The economics don’t always follow, though. Filling a 200K-token context on every API call is expensive at current rates, especially at any meaningful request volume. The sweet spot for most production use cases is still some combination of retrieval (to narrow down what goes in the window) plus a reasonably sized context (to give the model enough room to reason across it).

What’s genuinely new in 2026 is how cheaply you can now get to 100K tokens of effective context versus three years ago. The cost curve has dropped dramatically. Long-context workflows that required expensive API tiers in 2023 are now accessible at standard pricing. That’s changing what kinds of applications are worth building.

Common misconceptions

“The model reads the context before answering.” There’s no sequential pass. Attention is computed across the full context simultaneously. The model doesn’t need to “get to” a part of the document: it sees it all at once in each layer.

“A larger context window means better answers.” Not automatically. More context can mean more noise. A model given 50 irrelevant pages alongside 2 relevant ones can perform worse than the same model given just the 2 relevant pages. Precision of context matters as much as volume.

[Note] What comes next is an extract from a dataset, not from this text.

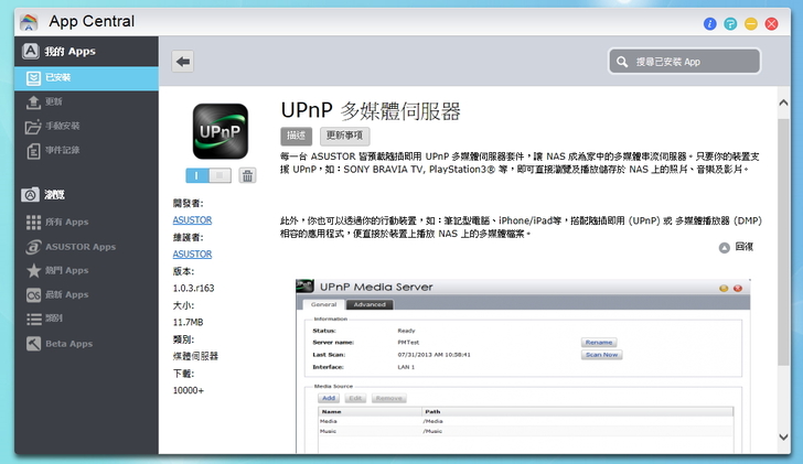 有了媒體伺服器當溝通管道,配合下載中之獲取無限網路資源,再搭配專門在聲音、圖片、影像三個整理與播放的APP,看來華芸AS3102T就像受到了六十年內功的灌入,準備可以大顯身手了。

“Tokens are just words.” They’re not. A single word can span multiple tokens, a single token can be a fragment of a word, and the same sequence of characters tokenizes differently depending on where it appears. Short, common English words tend to be single tokens. Technical vocabulary, code, and non-English text often tokenize less efficiently.

“The model loses information near its context limit.” Most models use fixed positional embeddings that treat position 1 and position 200,000 equivalently in terms of raw representational capacity. What changes is the “lost in the middle” degradation pattern described above. The model can see everything in the window; the issue is attention weight distribution, not literal information loss.